When you refer to a name within Python code, it will look for it within the scopes in the following order:

  1. Local scope (and nested local scopes from innermost to outermost)
  2. Global scope
  3. Built-in scope

This creates a hierarchy of nested scopes from the most constrained inner local to the most widely available build-in scope. In case there are entities with the same name in different scopes, Python will reference the first one it finds in the hierarchy.

Summary & Reference for Python Scopes

Python scopes determine the visibility and accessibility of named entities such as variables, functions, and classes within a program. There are three types of scopes: built-in, global, and local.

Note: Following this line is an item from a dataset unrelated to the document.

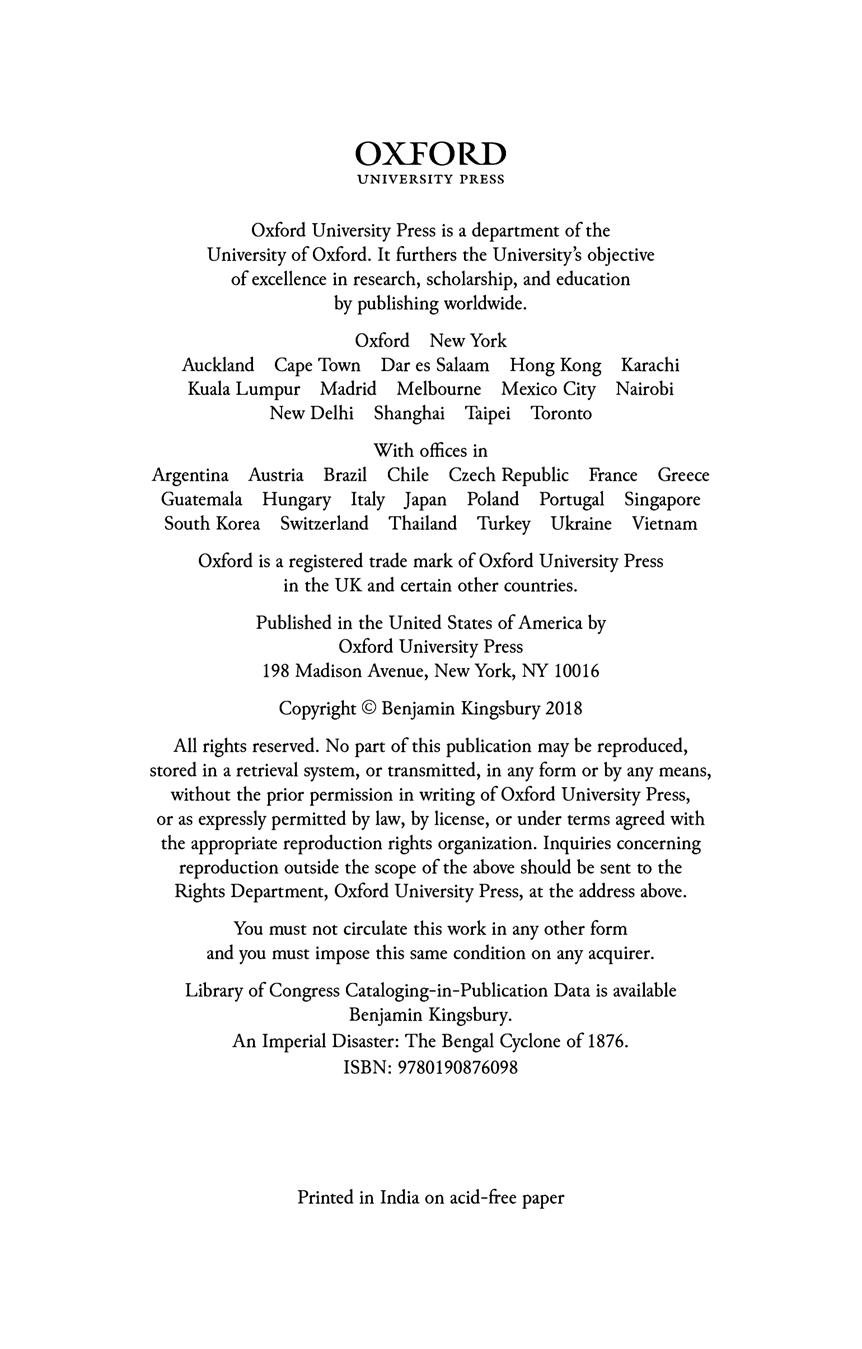 An Imperial Disaster: The Bengal Cyclone of 1876 Benjamin Kingsbury

The built-in scope in Python refers to names that are internal to the Python language and are always available without the need for an import, e.g. print(), __name__, True, False, ZeroDivisionError.

def print_hello():
    print("Hello")  # print() is accessed from the built-in scope

Names defined at the top level of a Python file have a global scope. Global names are accessible from anywhere within the module or script where they are defined. However, different Python files have separate global scopes.

global_var = 10

def global_function():
    print(f"The value of the global variable is {global_var}.")  
    # global_var is accessed from the global scope of this file

global_function()

Local scope in Python refers to names defined within a specific function. These names are only accessible within that function are not visible outside of it.

def my_function():
    local_var = 20  # local_var is in the local scope and only accessible inside my_function()
    print("Local variable:", local_var)

my_function() 

Inner functions create nested local scopes that adhere to the following rules:

  1. Names defined within an inner function are confined to its local scope and are unavailable to outer functions.
  2. Names defined within an outer function are accessible in inner functions it defines.
  3. An inner function is only accessible in the local scope of the enclosing outer function.
def outer_function():
    outer_var = 10  
    # outer_var is accessible in outer_function() and its inner function, inner_function()

    def inner_function():
        inner_var = 20   
        # inner_var is accessible in inner_function(), but not in outer_function()
    
    inner_function()
    # inner_var is unavailable here

outer_function()

When you refer to a name in your program, Python will look for it within the scopes in the following order:

  1. Local scope (and nested local scopes from innermost to outermost)
  2. Global scope
  3. Built-in scope

In case there are entities with the same name in different scopes, Python will reference the first one it finds in the hierarchy above.